The safe had stayed closed, to his intense frustration. For months, he’d been hauling the f*cking thing around everywhere he went.

Lydia had regretted her sins, but it hadn’t been as much fun as he’d hoped. Plus, she’d lost consciousness far too quickly. Silence was not what he wanted out of the encounter. Screaming provided measurable feedback during the infliction of pain. She’d disappointed him.

He was learning how to make agony last, build it into a crescendo as he killed these power-bloated bastards one by one. And then, ahhh. Taking their masterpiece from them, and bludgeoning the living shit out of everyone with it . . . that promised to be a f*cking blast.

No drugs for Kitteridge. He’d learned his lesson. The general’s mind needed to be crystal sharp. The kidnapped grandson was a more efficient stimulant.

Kitteridge squeezed his eyes shut, veins pulsing in his temples. Minutes crawled by. Mark drummed his fingers, monitoring the general’s sig for any sign that the man was stalling. All he saw was desperate effort.

Finally, the light panel on the vault door flashed green. The seal popped open.

Kitteridge sagged in his bonds, dangling his head between hunched shoulders.

In between the older man’s ragged, sobbing breaths, Mark heard nothing with his augmented hearing. Nothing moved in the desert for miles around other than small animals. He’d taken out the facility’s security personnel when he arrived. The place was strewn with their soon-to-be-desiccated bodies. How fortunate that they wouldn’t smell, considering that there were ten of them.
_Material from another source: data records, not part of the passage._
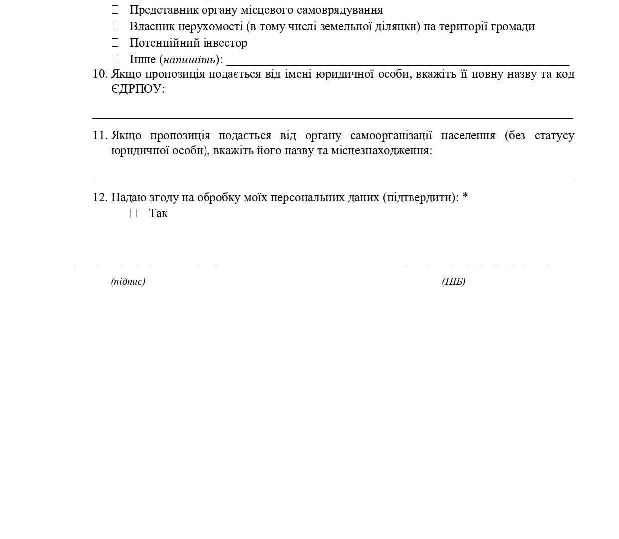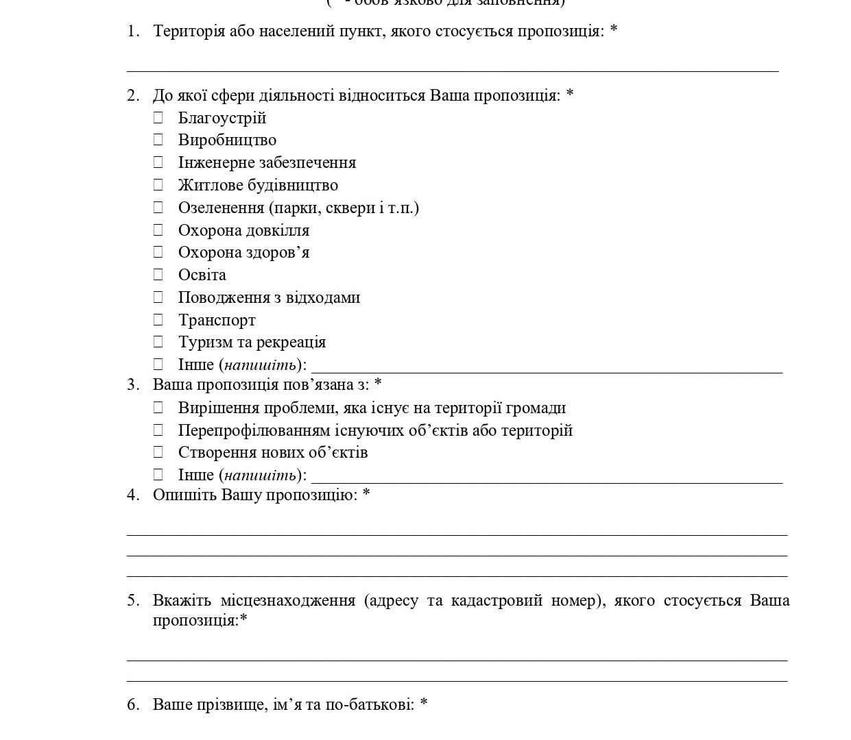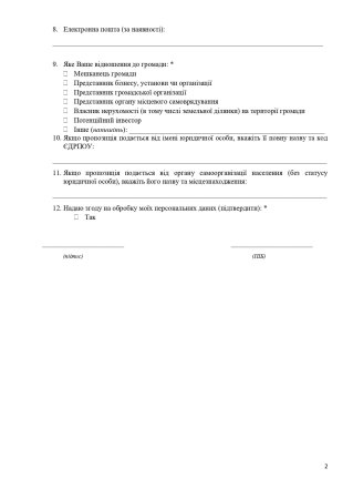 ‼️ Важливе попередження: Анонімні пропозиції не реєструються та не розглядаються. Вкажіть свої контактні дані!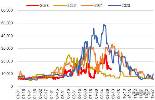 ⚫截至9月7日,沿海八省煤炭库存3712.60万吨,较上周下降14.60万吨,周环比下降0.39%;日耗为211.90万吨,较上周上升23.90万吨/日,周环比增加12.71%;可用天数为17.5天,较上周下降2.30天。 ⚫截至9月8日,三峡出库流量13500立方米/秒,周环比下降6.25%。 图 26:沿海八省区日均耗煤变化情况(万吨)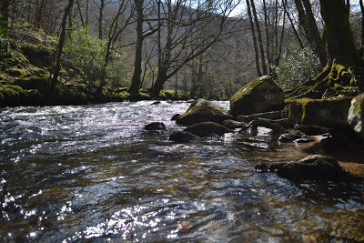 Keats dismissed his poem as doggerel; as he says, it's full of predictable rhyme and joyful bawdiness. But having just been to see the river as it slides gracefully through a wooded Dartmoor gorge, and seen it surrounded by the most exuberant display of wild daffodils, with dappled sunlight sifting through the trees and the whispering sibilance of the river all soft and the air sweet with the edge of spring, I can't help feeling something like forgiveness for Keats's easy rhymes. Could his rosy vision of the revels of 'maidens sweet' have been an early depiction of the binge drinkers of his day? Anyway, does it matter, when we can be enraptured beside the riverbank where 'O and O/, the daisies blow and the primroses are waken'd/ and violets white /sit in silver plight..?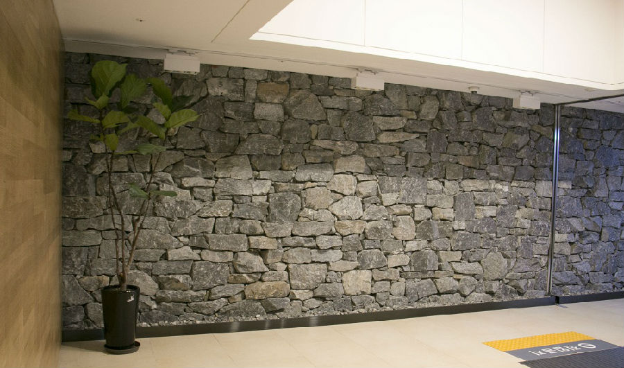在地下,立着一面石头砌成的墙,“这是挖地三年从这里挖出的石头。”这位牧师介绍说,整个新大楼从开始建到落成总共花了8年的时间,最开始的3年只是挖地,一方面教会为了扩大空间需要建在地下,礼拜堂下面还有几层包括停车场一直延伸到地下30多米,但因地质属于多岩质,不得不艰难而细致的一块块把这些石头挖出来,而建成之后把这些石头修成一栋特殊的墙纪念这段经历。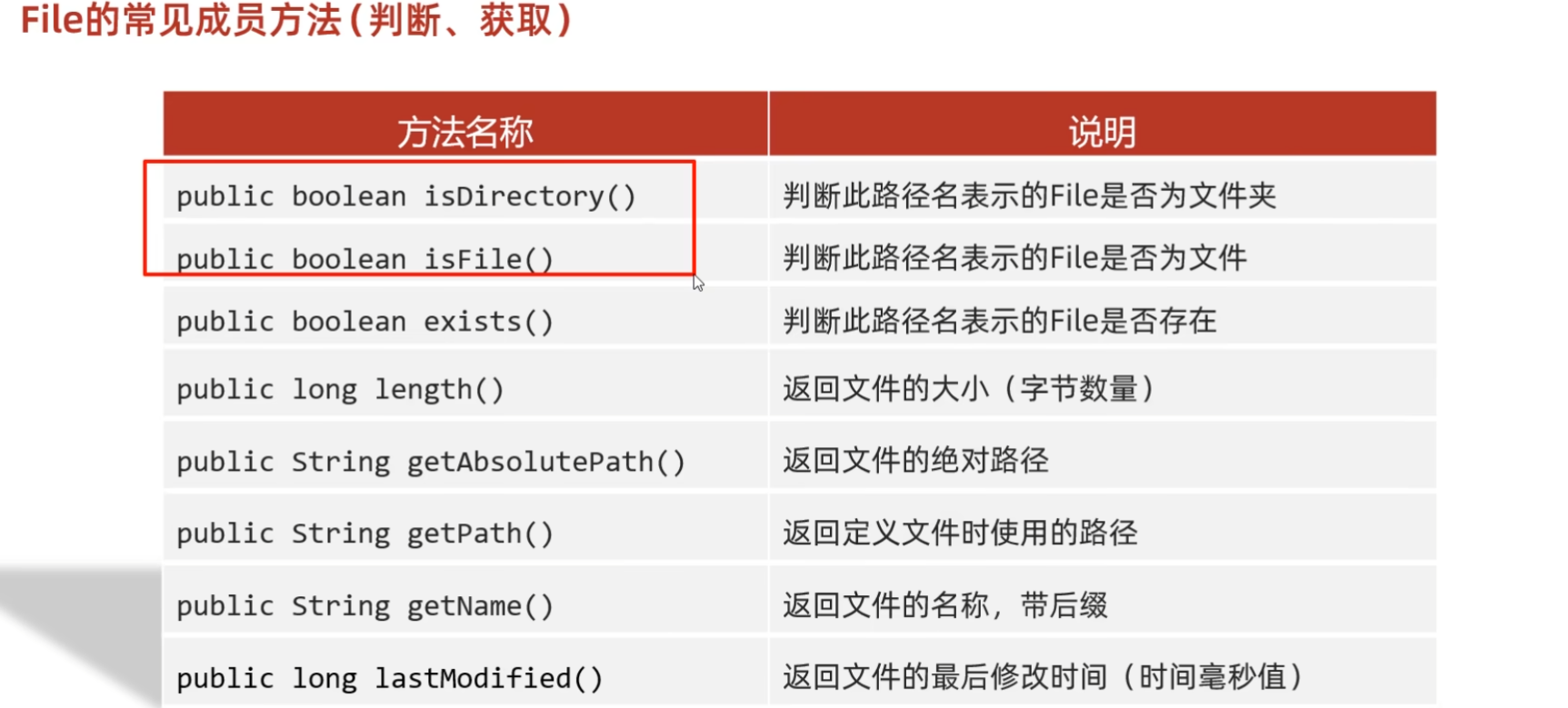 返回文件的大小(字节数量) 这个方法只能获取文件的大小,单位是字节 如果单位我们想要的是M,G可以不断地除以1024 这个方法无法获取文件夹的大小 如果我们要获取文件夹的大小,需要把这个文件夹的所有文件大小都累加在一起

Now, it was just him, the two Kitteridges, and the quiet desert evening.

A quickie scan showed that neither Kitteridge was likely to inconvenience him at this point, so he took a leisurely inventory of the vault’s contents. Cutting edge weapons designed to be wirelessly synchronized with the newest gen of modified humans, who were basically a slave army awaiting the call to action, if and when it came.

Soon.

Mark was going to take their army and have bloody, noisy fun with it.
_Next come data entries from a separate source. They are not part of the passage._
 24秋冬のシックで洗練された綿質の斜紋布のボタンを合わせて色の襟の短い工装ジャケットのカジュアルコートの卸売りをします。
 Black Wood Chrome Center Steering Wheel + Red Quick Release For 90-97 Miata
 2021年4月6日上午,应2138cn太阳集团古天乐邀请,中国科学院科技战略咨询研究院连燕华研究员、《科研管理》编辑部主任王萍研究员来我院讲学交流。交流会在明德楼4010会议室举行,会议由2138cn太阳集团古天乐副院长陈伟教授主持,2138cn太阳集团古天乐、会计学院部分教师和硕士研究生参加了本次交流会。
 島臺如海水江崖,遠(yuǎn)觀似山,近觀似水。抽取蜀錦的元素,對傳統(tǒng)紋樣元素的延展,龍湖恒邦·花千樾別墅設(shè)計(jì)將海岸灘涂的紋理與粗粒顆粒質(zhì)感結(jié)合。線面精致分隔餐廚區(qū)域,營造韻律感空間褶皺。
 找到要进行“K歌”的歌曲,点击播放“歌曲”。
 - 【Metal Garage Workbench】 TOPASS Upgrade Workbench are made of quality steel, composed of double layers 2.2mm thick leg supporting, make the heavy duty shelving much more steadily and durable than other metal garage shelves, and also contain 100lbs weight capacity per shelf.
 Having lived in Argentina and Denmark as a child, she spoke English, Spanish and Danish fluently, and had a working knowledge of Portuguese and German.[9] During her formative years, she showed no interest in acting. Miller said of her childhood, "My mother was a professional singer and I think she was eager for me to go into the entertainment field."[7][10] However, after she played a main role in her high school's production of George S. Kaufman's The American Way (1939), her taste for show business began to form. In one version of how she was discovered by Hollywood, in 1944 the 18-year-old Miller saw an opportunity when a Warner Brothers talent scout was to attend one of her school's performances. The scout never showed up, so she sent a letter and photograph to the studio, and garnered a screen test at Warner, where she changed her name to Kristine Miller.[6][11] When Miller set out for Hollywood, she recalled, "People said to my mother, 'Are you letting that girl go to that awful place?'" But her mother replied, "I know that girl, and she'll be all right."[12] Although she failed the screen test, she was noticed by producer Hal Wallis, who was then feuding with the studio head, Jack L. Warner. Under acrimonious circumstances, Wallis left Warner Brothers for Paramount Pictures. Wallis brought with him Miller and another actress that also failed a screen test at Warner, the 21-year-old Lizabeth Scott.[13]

It took the better part of an hour to hump all that equipment into his vehicle. With his enhanced musculature, boxes that would take two normal men to lift were feather light for him. But he still hated wasting his time and energy loading f*cking crates like a dock worker.

He was better than that. He was one of the original prototypes, goddamnit. Hundreds of millions of dollars worth of research and development had been plowed into producing supersoldiers. There’d been years of rough drafts, failed attempts, trial and error.

Now their worst error, their roughest rough draft, their biggest failure had come back to devour them, suck their living brains and tear at their warm flesh.